## Study material:
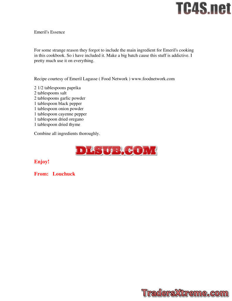 Emerils Essence Seasoning Recipe - JPG Image File
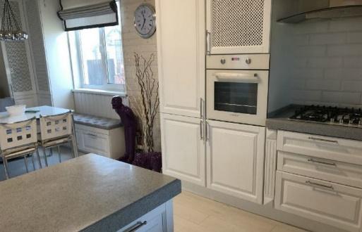Кухонная зона также идеально продумана по функциональности. Здесь имеется место не только для приема пищи и ее приготовления, но и место для отдыха. Кухонный гарнитур делался на заказ.
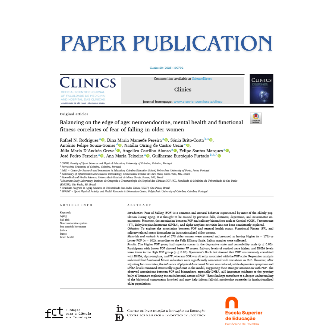A investigadora Sónia Brito-Costa, do inED | ESEC, publicou recentemente o artigo “Balancing on the edge of age: neuroendocrine, mental health and functional fitness correlates of fear of falling in older women” na revista Clinics (ELSEVIER).
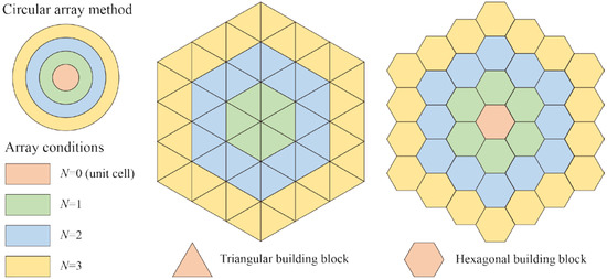 Lattice structure constructed with the circular array method. (Note: the triangle type does not have the centered cell of N = 0.).
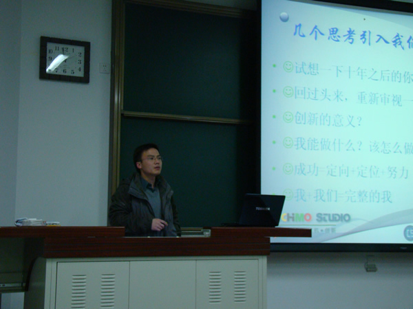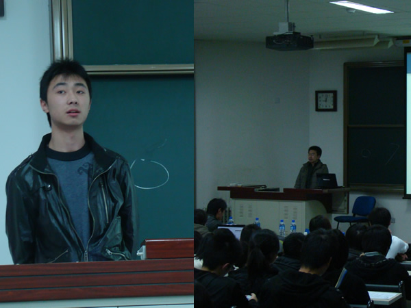 作为本次大会的特约嘉宾,2006级优秀学长杨蛟龙和2004级优秀学长林健也就自己参加竞赛的经历、大学的生活等方面与同学们做了交流。杨蛟龙跟同学们切身交流了他的学习历程,指出个人知识能力和团队相互协作的重要性,是取得成功必不可少的条件;林健学长提出要找到适合自己的兴趣乃至确立自己的研究方向,并为之努力奋斗等,令在场听众受益匪浅。

## What you should do:
Copy the listing exactly. No images belong in the copy.

## Output for this exercise:
 Emerils Essence Seasoning Recipe - JPG Image File
Кухонная зона также идеально продумана по функциональности. Здесь имеется место не только для приема пищи и ее приготовления, но и место для отдыха. Кухонный гарнитур делался на заказ.
A investigadora Sónia Brito-Costa, do inED | ESEC, publicou recentemente o artigo “Balancing on the edge of age: neuroendocrine, mental health and functional fitness correlates of fear of falling in older women” na revista Clinics (ELSEVIER).
 Lattice structure constructed with the circular array method. (Note: the triangle type does not have the centered cell of N = 0.).
 作为本次大会的特约嘉宾,2006级优秀学长杨蛟龙和2004级优秀学长林健也就自己参加竞赛的经历、大学的生活等方面与同学们做了交流。杨蛟龙跟同学们切身交流了他的学习历程,指出个人知识能力和团队相互协作的重要性,是取得成功必不可少的条件;林健学长提出要找到适合自己的兴趣乃至确立自己的研究方向,并为之努力奋斗等,令在场听众受益匪浅。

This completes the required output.